A text coded in GBK can only be searched forwards, since it is not possible to distinguish between any character whether it is the beginning byte or the end byte of a two-byte coding. To distinguish, the text must be examined from the beginning. GBK has this disadvantageous property in common with GB2312 and GB18030 and the other Asian encodings SHIFT-JIS (Japanese), BIG-5 (traditional Chinese) and EUC-KR (Korean).

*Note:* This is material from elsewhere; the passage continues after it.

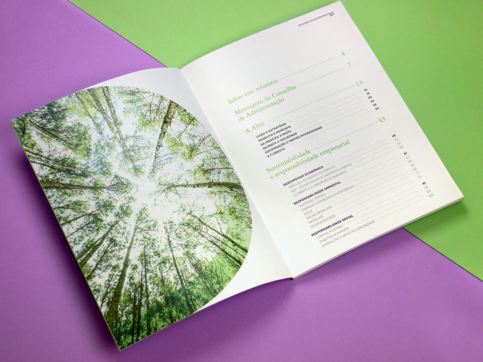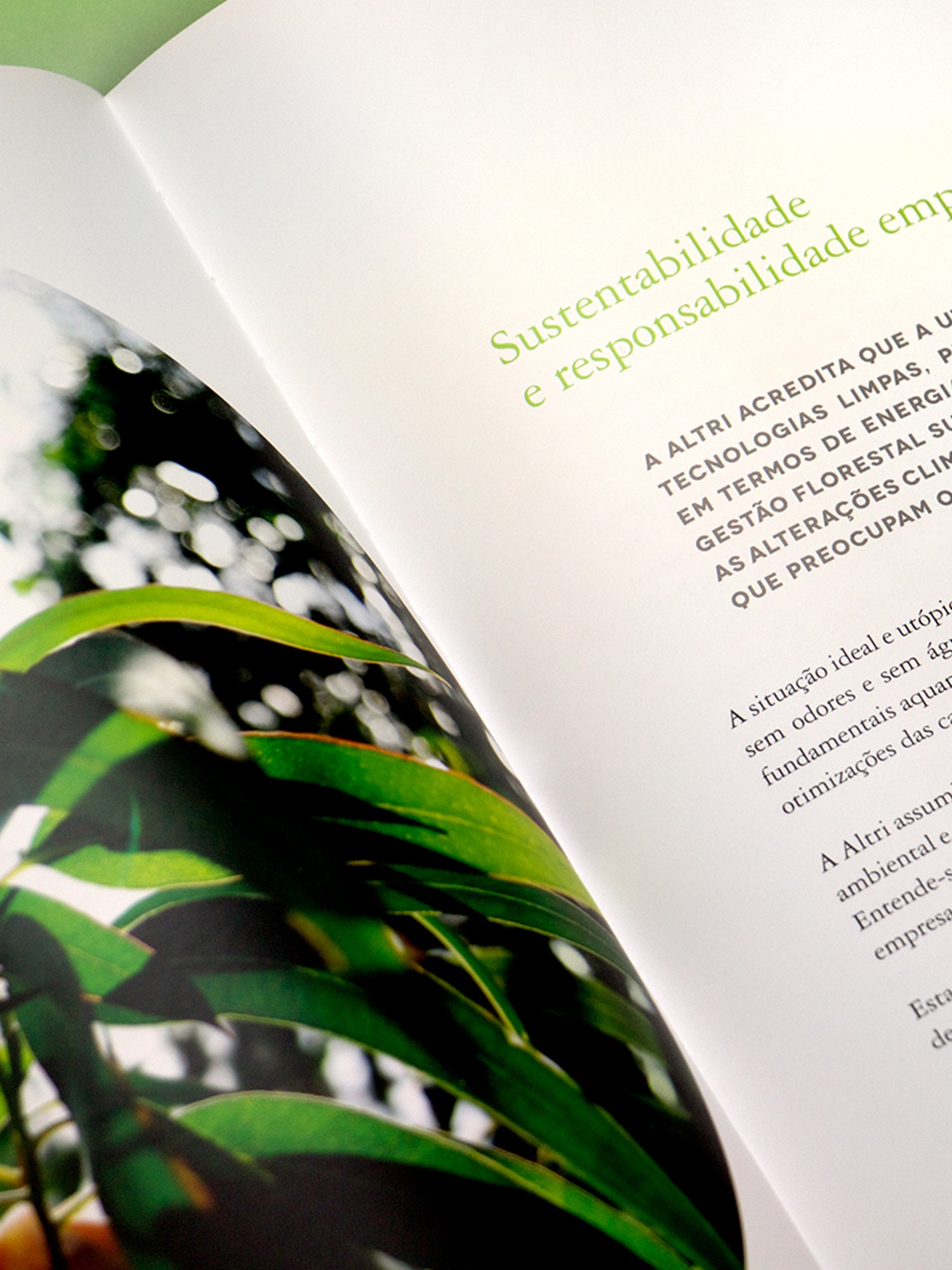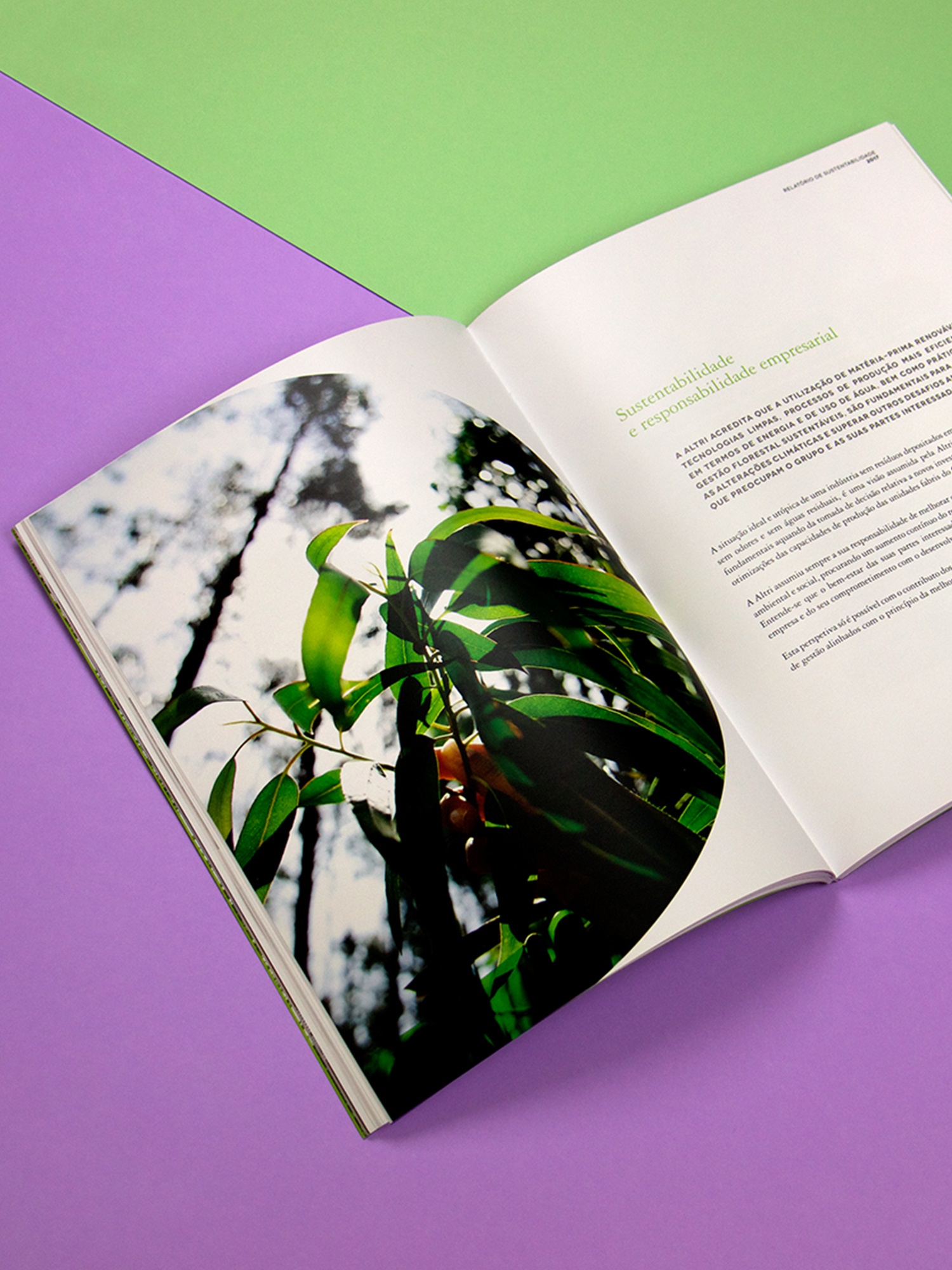 Projeto de design editorial para o relatório anual de sustentabilidade da Altri.

With GB2312, an ASCII character (byte value less than 128) found by a backward search can also be used as a starting point for a forward analysis, since these values are not contained in two-byte characters; With GBK this option is reduced to ASCII characters in the range 0 to 63, since byte values in the range 64 to 127 are also used as the end byte of a two-byte character.
The Unicode transformation UTF-8 avoids this problem . Although up to four bytes per character are required here, it can be clearly stated of each byte whether it is a one-byte character, a start byte of a multi-byte character or a continuation or end byte of a more Byte character is.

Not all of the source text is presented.